Where we use the **baseline** $b_{xi}$.

$b_{xi} = \mu + b_x + b_i$

$\mu$ is the **overall mean rating**.

$b_x$ is the **rating deviation** of user $x$:
> $b_x$ = (average rating of user $x$) - $\mu$

$b_i$ is the **rating deviation** of item $i$:
> $b_i$ = (average rating of item $i$) - $\mu$

In [73]:
overall_mean_rating = np.average(Y, weights=R)
users_mean_rating = np.average(Y, axis=0, weights=R)
users_mean_deviation = users_mean_rating - overall_mean_rating
items_mean_rating = np.average(Y, axis=1, weights=R)
items_mean_deviation = items_mean_rating - overall_mean_rating

def baseline(item, user):
    return overall_mean_rating + users_mean_deviation[user] + items_mean_deviation[item]
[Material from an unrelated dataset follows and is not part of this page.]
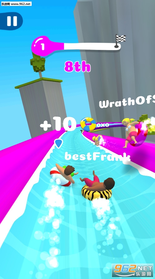 《水滑梯大战》(Slippery Slides)是一款非常有趣的休闲竞速游戏,游戏中你需要在水滑梯竞速中获得名次但是你总是最后一个出发,这就需要你有着不错的水滑梯技术,滑梯上还有各种有趣的装置,拿到靠前的名次获得奖励,解锁更多人物。

def co_filtering_baselined(item, user, k=10):
    Y_meaned_rated_by_user = Y_meaned[R[:, user] == 1] # items - users_mean_rating filtered by user_rating
    Y_rated_by_user = Y[R[:, user] == 1] # items filtered by user_rating
    nn = NearestNeighbors(n_neighbors=k, metric='cosine')
    nn.fit(Y_meaned_rated_by_user)
    nn_distances, nn_indices = nn.kneighbors(Y_meaned[[item],:], n_neighbors=k)
    nn_baselines = overall_mean_rating + users_mean_deviation[user] + items_mean_deviation[R[:,user]==1][nn_indices]
    nn_ratings = Y_rated_by_user[nn_indices, user] - nn_baselines
    return baseline(item, user) + (nn_distances[0] @ nn_ratings[0]) / nn_distances.sum()

co_filtering_baselined(3,10)

2.6563863076335448

In [75]:
Y

array([[5., 4., 0., ..., 5., 0., 0.],
       [3., 0., 0., ..., 0., 0., 5.],
       [4., 0., 0., ..., 0., 0., 0.],
       ...,
       [0., 0., 0., ..., 0., 0., 0.],
       [0., 0., 0., ..., 0., 0., 0.],
       [0., 0., 0., ..., 0., 0., 0.]])

In [78]:
co_filtering_baselined(1,0,k=10)

3.3193893724887324

### Root Mean Squared Error (RMSE)

> $\displaystyle RMSE = \sqrt{\frac{\sum_{(i,x)}(\hat{r}_{xi} - r_{xi})^2}{|R|}}$

$R$ is the ratings matrix, $R \in \mathbb{R}^{m \times n}$.

$\hat{r}_{xi}$ is a **Predicted** rating of user $x$ on item $i$.

$r_{xi}$ is a **True** rating of user $x$ on item $i$.

$|R|$ is the total number of ratings.